Anthony Vossenberg, Genworth's senior vice president, says the days of customers remembering to review are long gone. If they're doing it at all, customers are taking much longer to update or even purchase life insurance. "We found that people who purchased a home, where it's pretty common to insure it from a life insurance perspective, were taking on average 15 months to buy the coverage," he says.
Perhaps part of the issue lies in the complexity of insurance itself. With so many options, customers are often unsure of their choices. That's where agents can most benefit their customers, via a needs analysis. According to Vossenberg, the customers actually want that. "Eighty-eight percent of people we interviewed said they wished they had some sort of needs calculator available in the buying process. Very few of them recalled their agent or financial planner ever taking them through a needs analysis."

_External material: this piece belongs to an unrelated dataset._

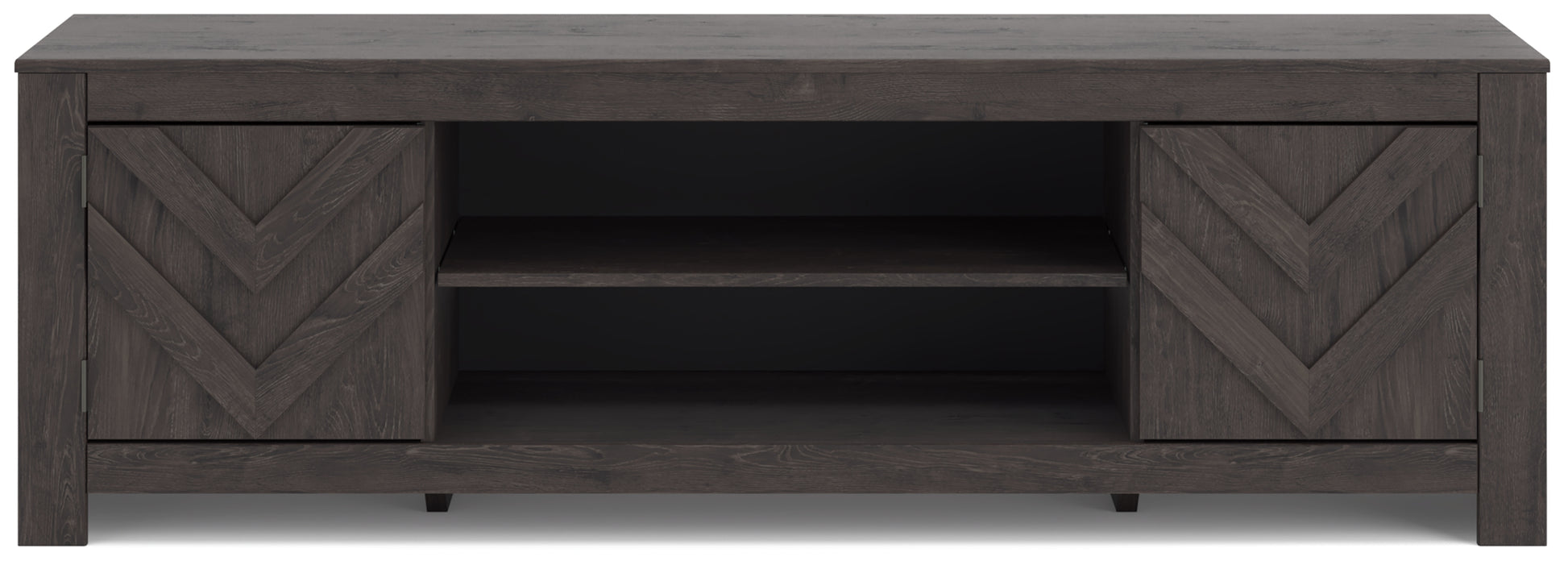 This TV stand embraces a classically charming aesthetic and repurposes it for modern living. Its dark charcoal finish to your love of vintage character, while the chic chevron pattern is effortlessly on trend. And with hidden storage behind the doors, your media accessories stay tucked away in style.

Still, Vossenberg thinks needs analyses are occurring much more frequently than consumers think. "I believe that advisers take their clients through needs analyses much more frequently than they realize. It's just that the experienced person often has enough experience and has the questions in their head, but they do it on a pad of paper. Consumers are expecting it to be a little more sophisticated, maybe supported by a piece of software package, that it would come across as being more formulaic."
Face time as sales time
Part of the reason agents don't do annual reviews had to do with the time investment. Too many agents feel the time spent in the car and in the home is not worth it. Vossenberg says there are alternatives. "Why not send them the needs analysis and walk them through it over the phone? If they're a customer, they already trust [the agent]. Why not by phone or electronically?"